─── DATA TO EXAMINE ───

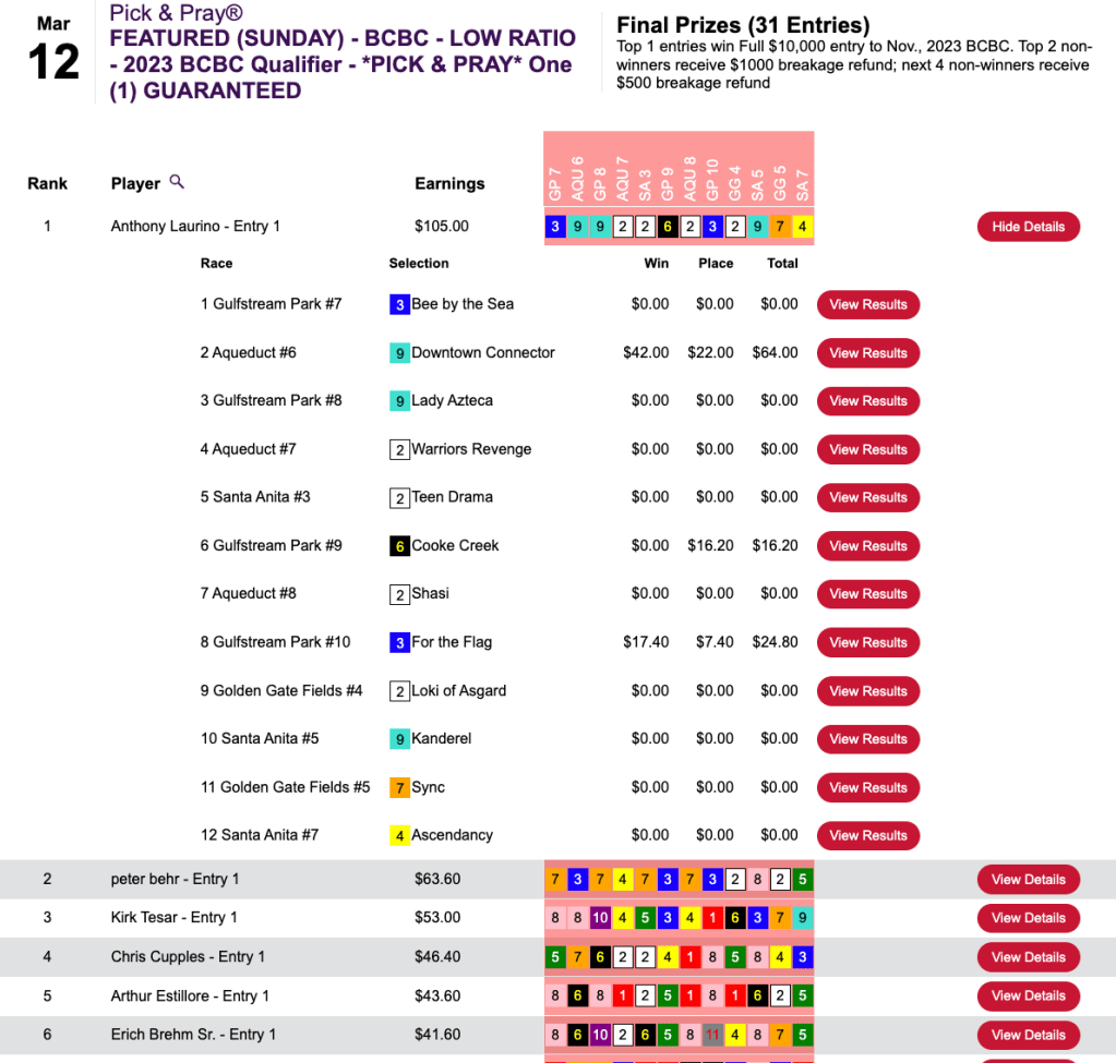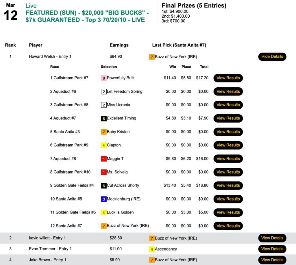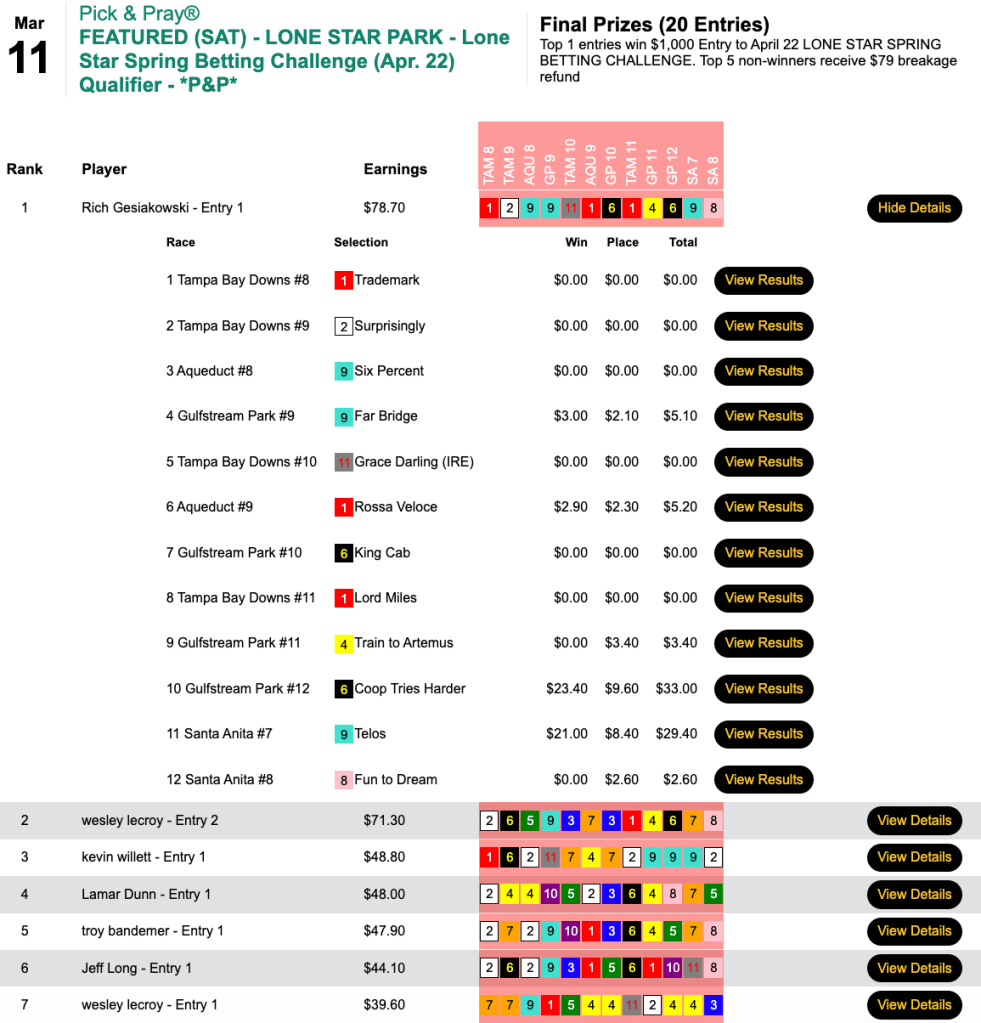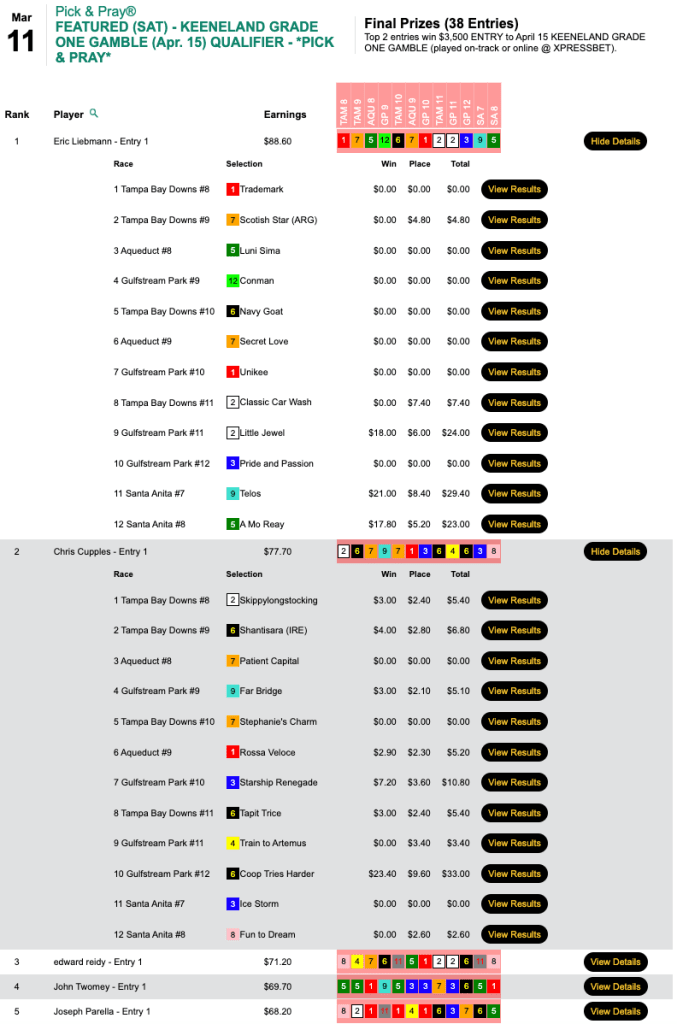 Happily for runner up John Twomey, there were enough entries to award a second $3,500 seat. Twomey did all his scoring (3 winners) over the first four contest races.
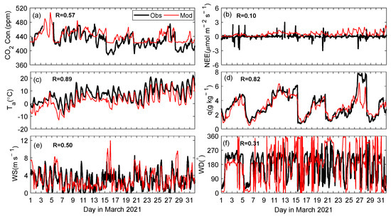 Comparison of the hourly mean (a) CO2 concentration, (b) CO2 flux (NEE), (c) air temperature, (d) specific humidity, (e) wind speed, and (f) wind direction in March 2021 observed at SDZ with that simulated with the WRF-VPRM. Correlation coefficients (R) between simulated and observed values for each parameter are also shown in the corresponding subplot.
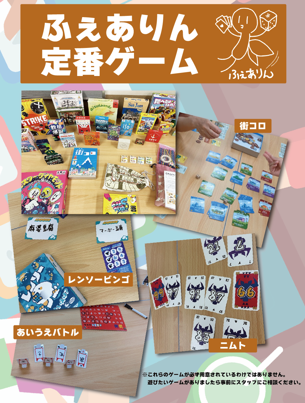 手軽に楽しめるものを中心に、いろいろなボードゲームをご用意してお待ちしています。
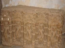 | Description / विवरण | A sculptured architectural fragment, depicting five male figures Shiv ganas , in five niches, separated by pillars. They are standing in tribhanga pose, holding different type of weapons-sword, trident etc. and drapery in the other hand. |
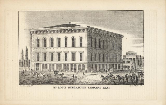 DESCRIPTION: R. S. Mitchell Archt. From John Hogan's "Thoughts about the City of St. Louis, Her Commerce and Manufactures, Railroads, etc. Published by Republican Steam Press Print., St. Louis. The original Mercantile Library in downtown St. Louis. The Mercantile Library is now located at the University of St. Louis.
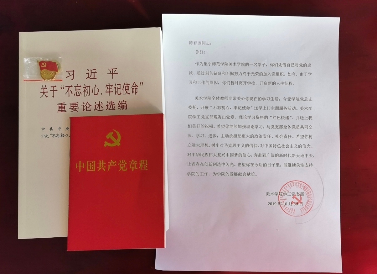 2026世界杯官方合作网站美术学院自开展“不忘初心、牢记使命”主题教育以来,一直非常关心流动党员的生活和学习情况。为进一步加强校外流动党员的管理教育,督促他们继续加强理论学习,提升理论修养,10月30日上午,美术学院学工党支部开展“红色快递”活动,为校外流动学生党员寄出党徽、党章以及《习近平关于“不忘初心、牢记使命”重要论述选编》等理论学习资料。
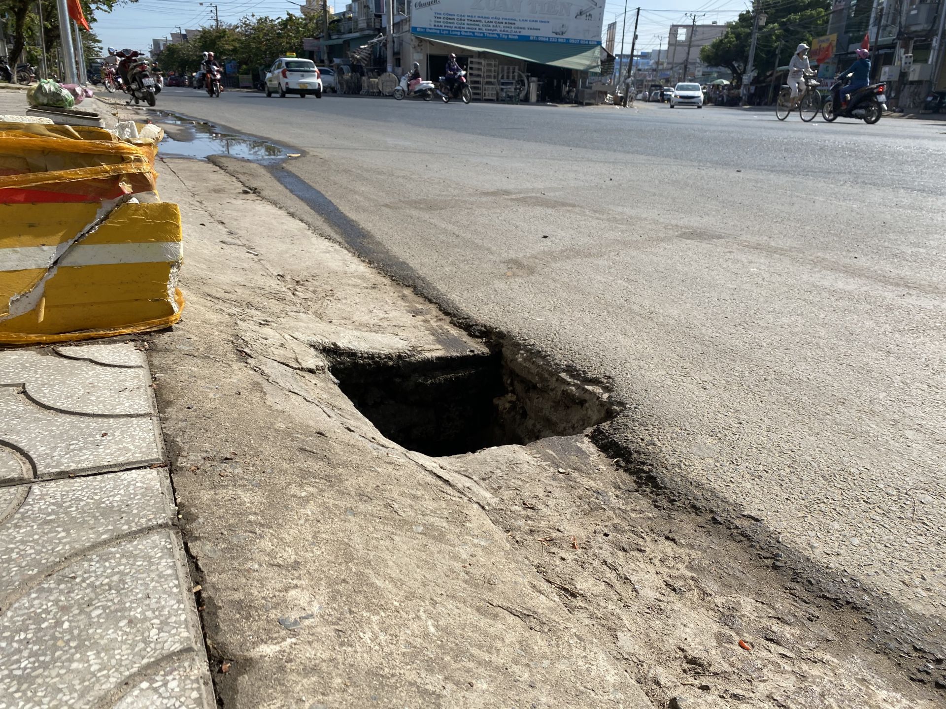 Người dân cho biết, sau khi TP.Tây Ninh nâng cấp vỉa hè, hệ thống chiếu sáng, thoát nước đường Lạc Long Quân thì hố gas nằm trước nhà số 286 có nắp đậy bằng kim loại. Tuy nhiên, có thể do nắp hố gas được làm bằng kim loại, nhưng quá mỏng, vì vậy khi nhiều xe tải đậu lên đã gây ra hư hỏng.
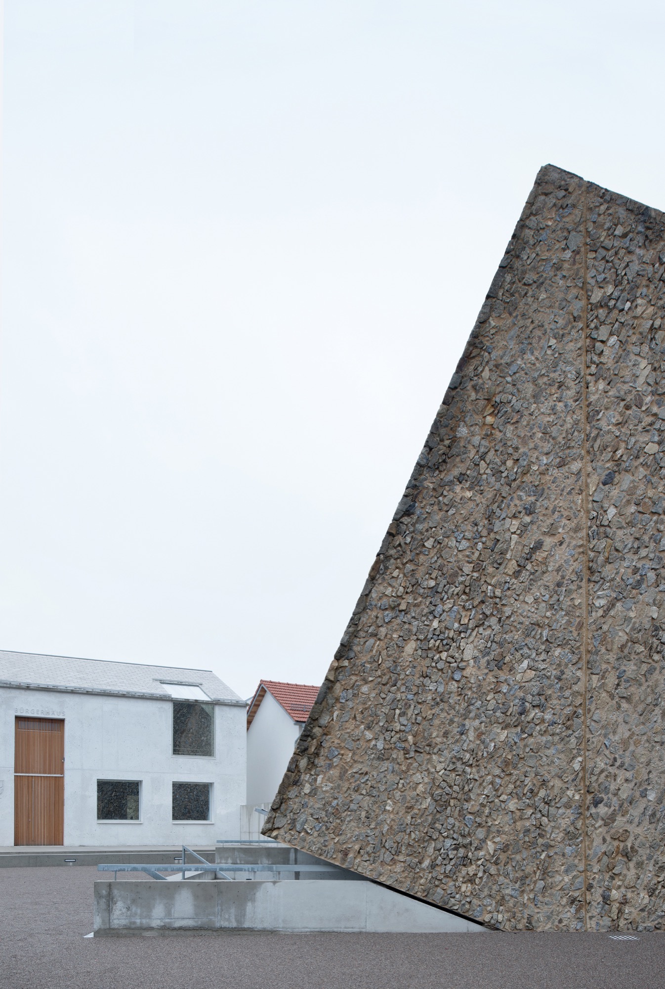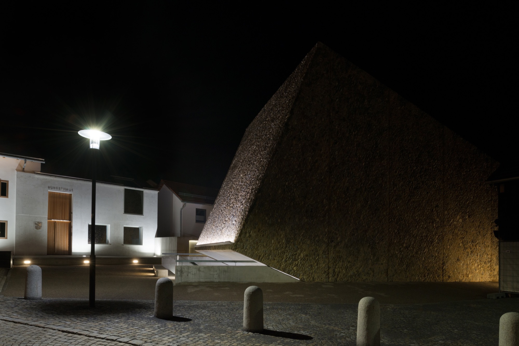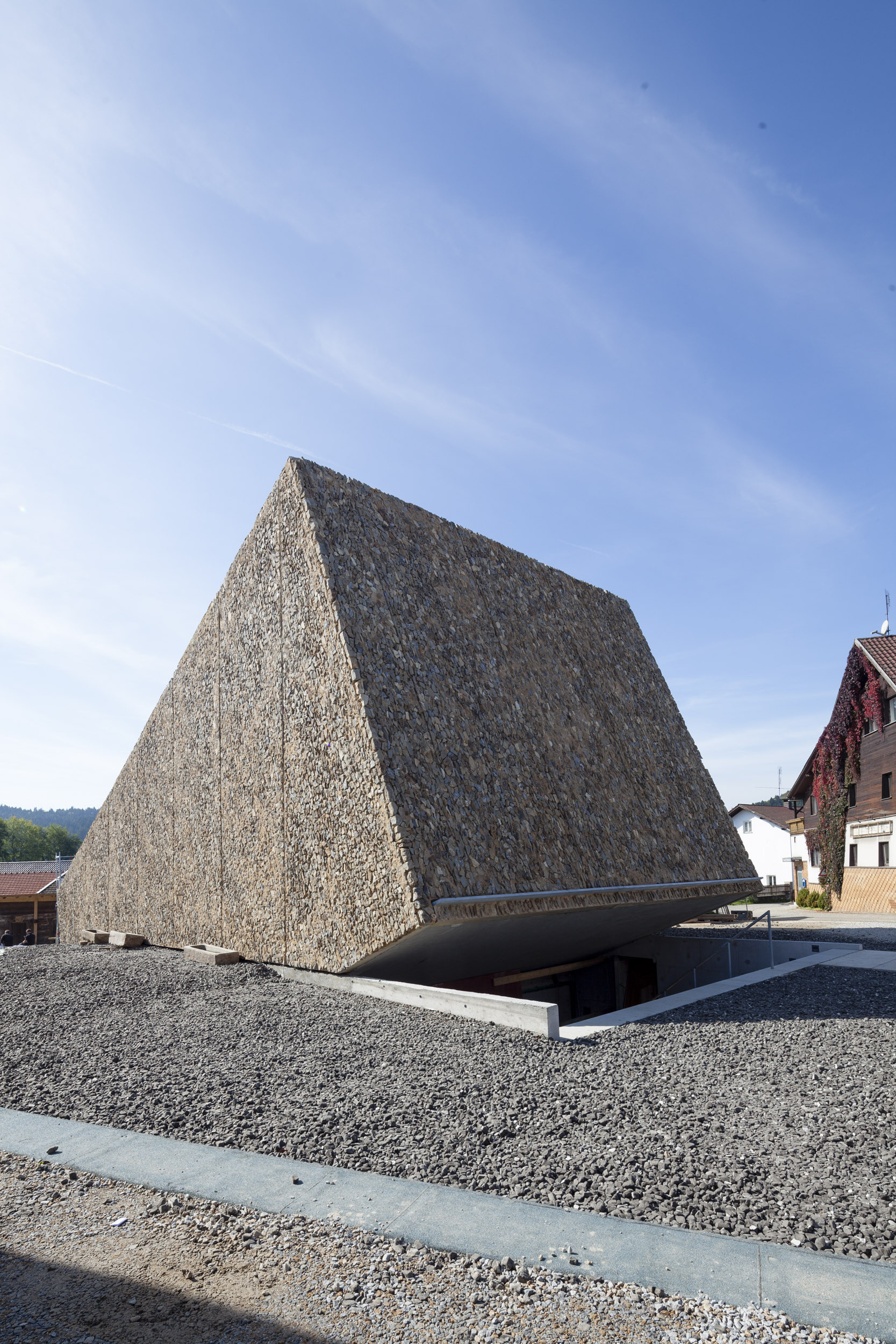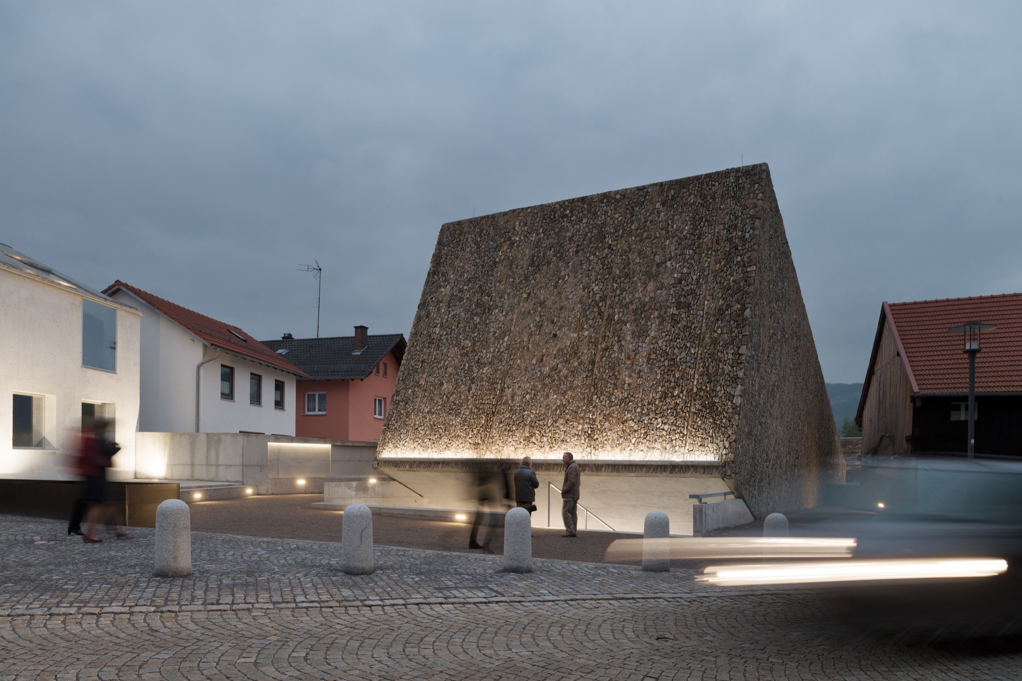 Malá bavorská dedina Blaibach, neďaľeko českej hranice podstúpila v priebehu roku 2014 ambiciózny projekt revitalizácie. V dedine bola postavená nová radnica, penzión a v neposlednom rade malá koncertná hala, ktorú navrhol tím architektov mníchovského ateliéru Petera Haimerla. Skulpturálny objekt napoly ponorený do priestoru námestia vytvára novú, zaujímavú dynamiku v architektúre obce a zároveň reaguje na topografiu okolia. Fasáda obložená miestnou žulou pripomína tradíciu Blaibachu.
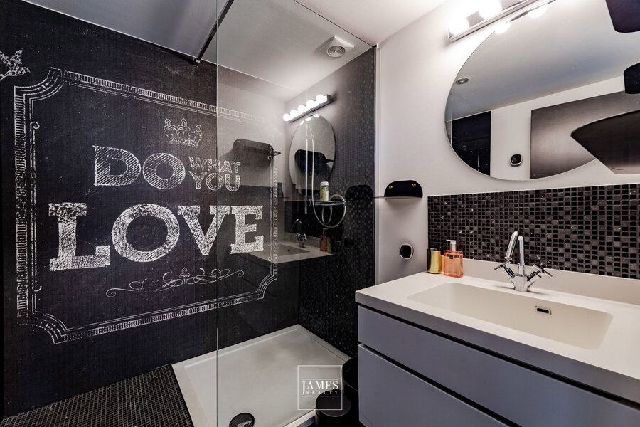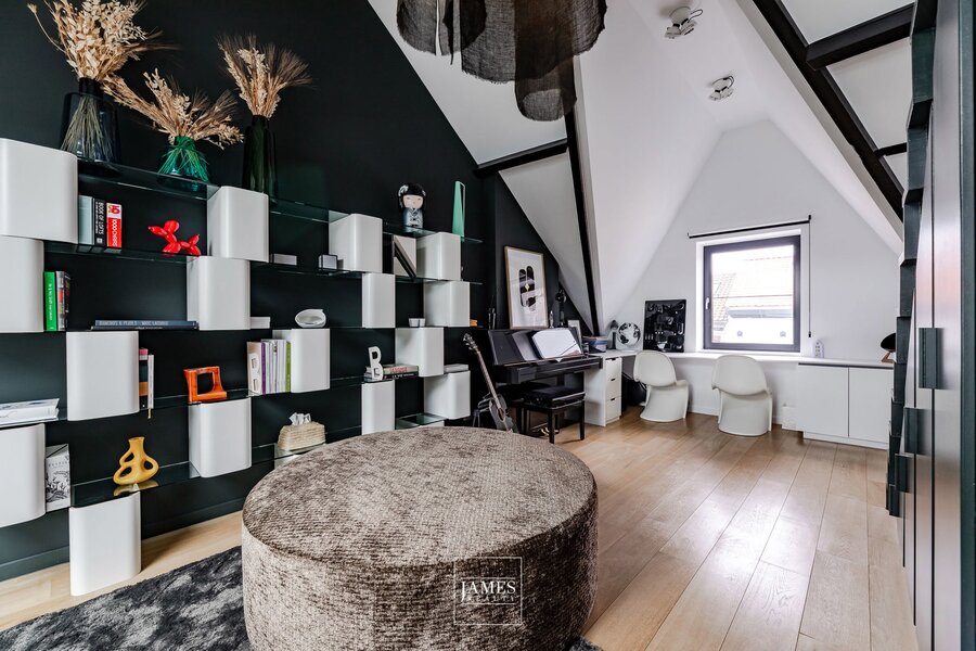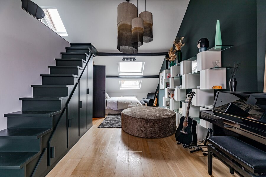 The top floor is entirely dedicated to a large bedroom with mezzanine, complemented by a third shower room.
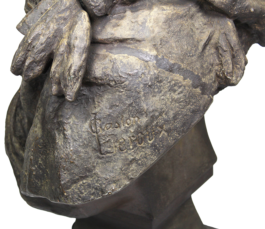 A Large and Impressive French 19th Century Life-Size Bust of Othello, the North African Moor of Venice character in the 1603 play written by William Shakespeare (1564-1616), after the model by Gaston Veuvenot Leroux (French, 1854-1942). The imposing figure of a black bearded male Moor, posing with a profile gaze, wearing a Fez hat and a loosely draped attire, raised on a square plinth with a plaque that reads 'Othello'. Signed and dated on left shoulder: 'Gaston Leroux, 1887'. Circa 1887.
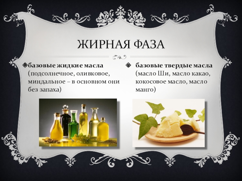 базовые твердые масла (масло Ши, масло какао, кокосовое масло, масло манго)

───

- [TRY IT]: Starting at the line that holds "The top floor", reproduce each line through the last one of the listing, and nothing more; the pictures stay out.

- [WORKED SOLUTION]:
 The top floor is entirely dedicated to a large bedroom with mezzanine, complemented by a third shower room.
 A Large and Impressive French 19th Century Life-Size Bust of Othello, the North African Moor of Venice character in the 1603 play written by William Shakespeare (1564-1616), after the model by Gaston Veuvenot Leroux (French, 1854-1942). The imposing figure of a black bearded male Moor, posing with a profile gaze, wearing a Fez hat and a loosely draped attire, raised on a square plinth with a plaque that reads 'Othello'. Signed and dated on left shoulder: 'Gaston Leroux, 1887'. Circa 1887.
 базовые твердые масла (масло Ши, масло какао, кокосовое масло, масло манго)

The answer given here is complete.